3. FN3. The note was read into the record twice. The transcript of the second reading indicates that the note read “legal definitions of insanity.” At our request, a copy of the note was provided and the quotation set forth above is of the note, and conforms with the first transcribed reading of the note, which reflects a request for the “legal definition of insanity.”
4. FN4. In fairness to the trial court, we note that neither defense counsel, in arguing for, nor the State in arguing against an instruction including this point of law, brought the discrepancy between the oral and typed versions of the murder instruction to the court's attention.
5. FN5. The parties did not address this material difference in the oral and written instructions or bring it to our attention even after we requested the typed instructions, which are obviously essential to a proper determination of the issue raised in the first point of defendant's brief.

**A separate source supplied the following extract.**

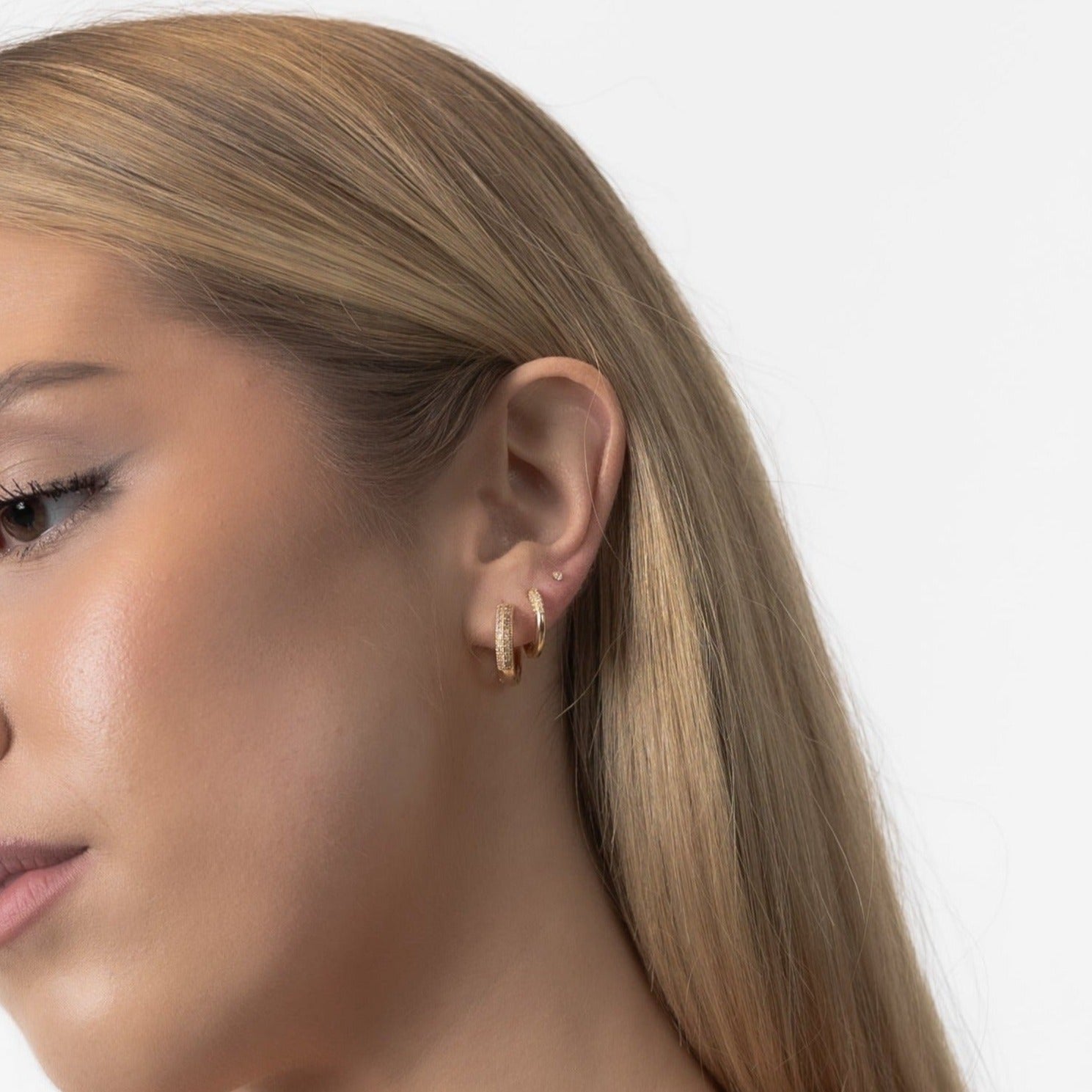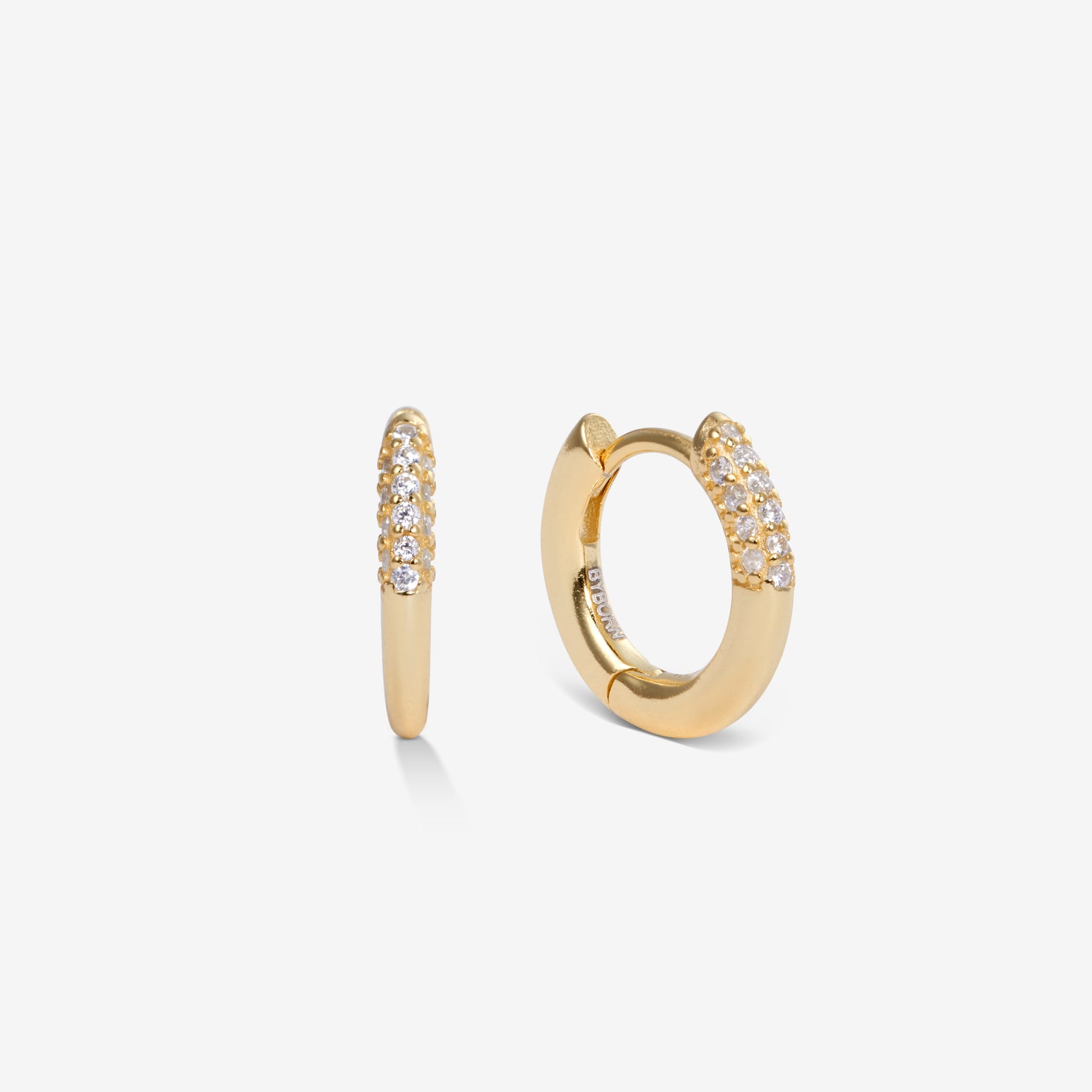 HALF STONED HUGGIES är ett par klassiska men ändå tuffa hoops designade med små zirconia stenar för att skapa ett elegant skimmer. Dessa minimalistiska och glamorösa design gör att de är lika rätt till vardags som till festligare tillställningar. Örhängena är så lätta och bekväma att du glömmer att du har dem på dig. Hoopsen är även perfekta att kombinera med andra mindre hoops eller minimalistiska smycken i samma stil för en komplett look. Finns i 925 sterling silver eller 18k guldplätering. De kommer garanterat att bli dina nya favoriter i din smyckessamling!

The State argues that the clarity of the initial instruction on diminished capacity in the general instruction and the strength of the evidence that defendant was acting purposefully and knowingly makes any error harmless. But for the conflicting murder charges, we would have agreed.
6. FN6. To the extent that the State argues that the testimony in this case was admissible pursuant to N.J.R.E. 703, we note that the evidence was not admitted for the limited purpose of evaluating the expert's opinion. See generally Agha v. Feiner, 198 N.J. 50, 63–64 (2009); Brun v. Cardoso, 390 N.J.Super. 409, 421 (App.Div.2006); State v. Vandeweaghe, 351 N.J.Super. 467, 480–81 (App.Div.2002), aff'd, 177 N.J. 229 (2003).